Sutton-Newby House, Historic plantation house in Hertford, North Carolina, United States.
Sutton-Newby House is a colonial-era residence in Hertford built to last, with one-and-a-half stories, four bays marked on its facade, and brick end walls that frame its gable roof. The house sits on nine acres and includes several outbuildings that speak to its past as a substantial plantation property.
Built around 1745, the house belongs to a small group of eighteenth-century timber-frame buildings with brick ends that survived in northeastern North Carolina. Its listing in the National Register of Historic Places in 1974 acknowledged its importance in showing how residential architecture developed during the colonial period.
The house reflects how well-to-do families lived during the colonial period, with its design showing local building traditions of the time. The way the structure combines practical and decorative elements reveals what mattered to people in the region centuries ago.

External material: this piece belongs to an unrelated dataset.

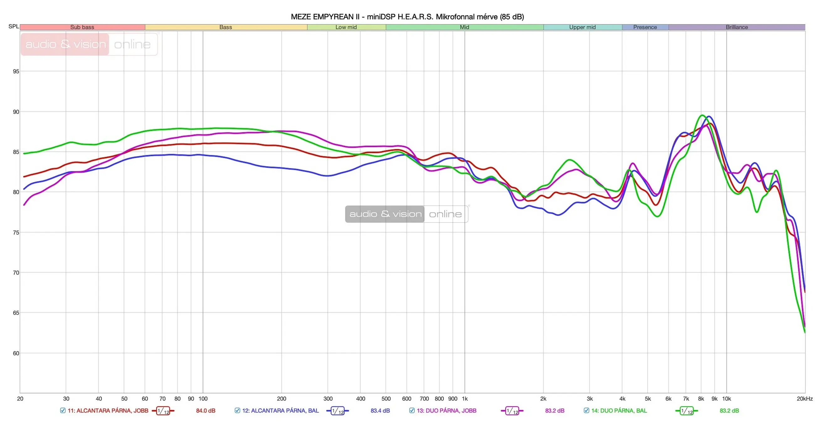 A fejhallgató hangszórója 8 Hz-től működik, ami azt eredményezi, hogy 20 Hz-en már stabilan kezd munkához. A mérést szép linearitást mutatott 1 kHz-ig. 10 kHz fölött volt egy 4-5 dB mértékű emelkedés, ami szerepet játszhatott az térbeli részletek határozottabb fókuszálásában. Érdekesség, hogy a különböző fülpárnák hangra gyakorolt hatását a mért ábra is egyértelmű különbségként mutatja.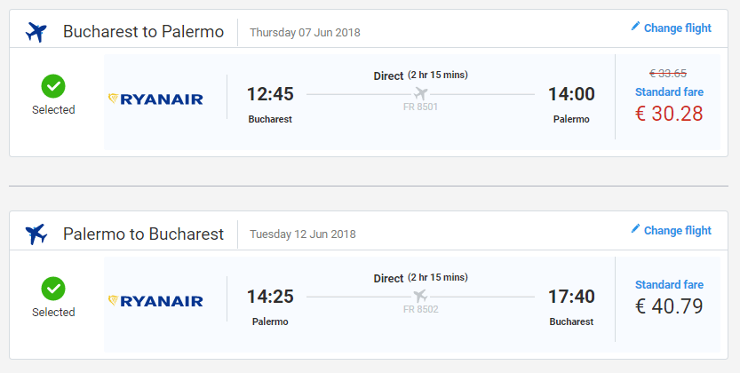 - Zbor: Bucuresti – Palermo, 70 euro, dus-intors, operat de Ryanair

The property is easy to reach from Hertford, positioned to the east of town in Perquimans County where local roads provide straightforward access. The surrounding area is quiet and rural, giving visitors a sense of the landscape as it would have appeared in earlier centuries.
The building stands out for its full-width shed-roofed front porch and a massive chimney with double shoulders that rise prominently on the exterior. Few other colonial houses in the region have this particular combination of front and chimney design.